#!/usr/bin/env python
# coding: utf-8

# ## Training metrics

# *Metrics* for training fastai models are simply functions that take `input` and `target` tensors, and return some metric of interest for training. You can write your own metrics by defining a function of that type, and passing it to [`Learner`](/basic_train.html#Learner) in the [`metrics`](/metrics.html#metrics) parameter, or use one of the following pre-defined functions.

# In[1]:


from fastai.gen_doc.nbdoc import *
from fastai.basics import *


# ## Predefined metrics:

# In[2]:


show_doc(accuracy)


# In[ ]:


jekyll_warn("This metric is intended for classification of objects belonging to a single class.")


# In[ ]:


preds = tensor([0.4, 0.6], [0.3, 0.7], [0.2, 0.8], [0.6, 0.4], [0.9, 0.1]) # bs = 5, n = 2
ys = tensor([1], [0], [1], [0], [1])
accuracy(preds, ys)


# In[3]:


show_doc(accuracy_thresh)


# Predictions are compared to `thresh` after `sigmoid` is maybe applied.
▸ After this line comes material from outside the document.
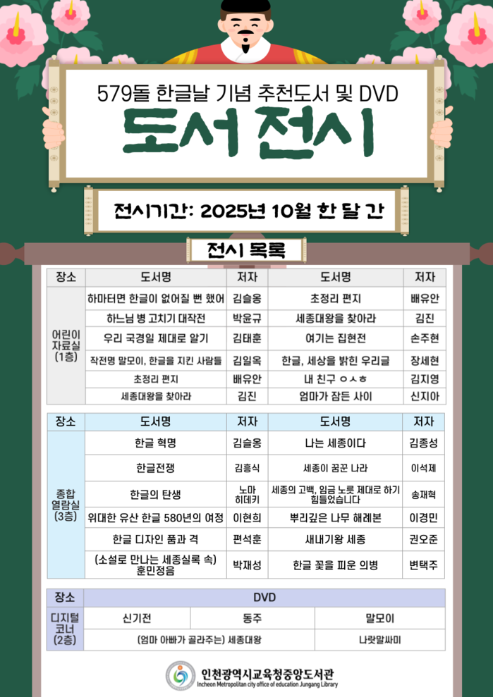 [인천=문찬식 기자] 인천광역시교육청중앙도서관(관장 곽미혜)은 한글 창제 579돌을 기념해 10월 한 달 동안 ‘한글날 추천 도서 및 DVD’ 전시를 운영한다.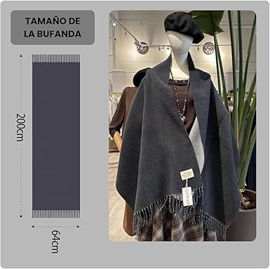 🧣 Tamaño XXL 200x64 cm: Más estilo y abrigo Bufanda extragrande ideal para llevar de múltiples formas: envuelta al cuello, como chal o incluso como manta ligera. Perfecta para el invierno, viajes o salidas al aire libre.

Then we count the numbers that match the targets.

# In[ ]:


jekyll_note("This function is intended for one-hot-encoded targets (often in a multiclassification problem).")


# In[ ]:


preds = tensor([0.4, 0.6], [0.3, 0.7], [0.2, 0.8], [0.6, 0.4], [0.9, 0.1])
ys = tensor([0, 1], [1, 0], [0, 1], [1, 0], [0, 1]) 
accuracy_thresh(preds, ys, thresh=0.65, sigmoid=False)


# In[4]:


show_doc(top_k_accuracy)


# In[5]:


show_doc(dice)


# $$dice = \frac{2(TP)}{2(TP) + FP + FN}$$
# 
# where TP, FP and FN are the number of true positives, false positives and false negatives.

# In[ ]:


preds = tensor([0.4, 0.6], [0.3, 0.7], [0.2, 0.8], [0.6, 0.4], [0.9, 0.1])
ys = tensor([1], [0], [1], [0], [1])
dice(preds, ys) # TP = 2, FP = 1, FN = 1


# In[6]:


show_doc(error_rate)


# In[7]:


show_doc(mean_squared_error)


# In[8]:


show_doc(mean_absolute_error)


# In[9]:


show_doc(mean_squared_logarithmic_error)


# In[10]:


show_doc(exp_rmspe)


# In[11]:


show_doc(root_mean_squared_error)


# In[12]:


show_doc(fbeta)


# `beta` determines the value of the fbeta applied, `eps` is there for numeric stability. If `sigmoid=True`, a sigmoid is applied to the predictions before comparing them to `thresh` then to the targets. See the [F1 score wikipedia page](https://en.wikipedia.org/wiki/F1_score) for details on the fbeta score.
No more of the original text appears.